What you will do - The task calls for each record to be given again unchanged, minus any pictures.

Extracted information -
|---|

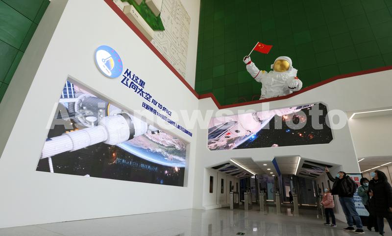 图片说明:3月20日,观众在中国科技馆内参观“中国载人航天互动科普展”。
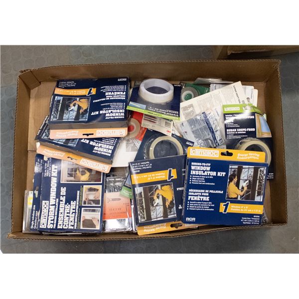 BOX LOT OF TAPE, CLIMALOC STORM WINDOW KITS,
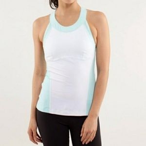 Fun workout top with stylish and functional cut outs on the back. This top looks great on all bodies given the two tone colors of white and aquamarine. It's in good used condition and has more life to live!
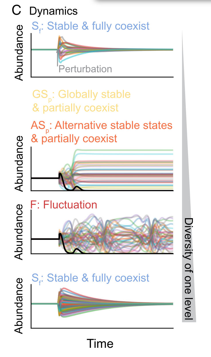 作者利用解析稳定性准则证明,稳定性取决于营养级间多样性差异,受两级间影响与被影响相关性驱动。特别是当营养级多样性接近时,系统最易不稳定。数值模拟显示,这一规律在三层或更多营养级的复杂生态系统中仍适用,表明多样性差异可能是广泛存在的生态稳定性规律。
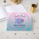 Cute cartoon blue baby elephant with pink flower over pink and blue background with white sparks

|---|

Response to this exercise -
 图片说明:3月20日,观众在中国科技馆内参观“中国载人航天互动科普展”。
 BOX LOT OF TAPE, CLIMALOC STORM WINDOW KITS,
 Fun workout top with stylish and functional cut outs on the back. This top looks great on all bodies given the two tone colors of white and aquamarine. It's in good used condition and has more life to live!
 作者利用解析稳定性准则证明,稳定性取决于营养级间多样性差异,受两级间影响与被影响相关性驱动。特别是当营养级多样性接近时,系统最易不稳定。数值模拟显示,这一规律在三层或更多营养级的复杂生态系统中仍适用,表明多样性差异可能是广泛存在的生态稳定性规律。
 Cute cartoon blue baby elephant with pink flower over pink and blue background with white sparks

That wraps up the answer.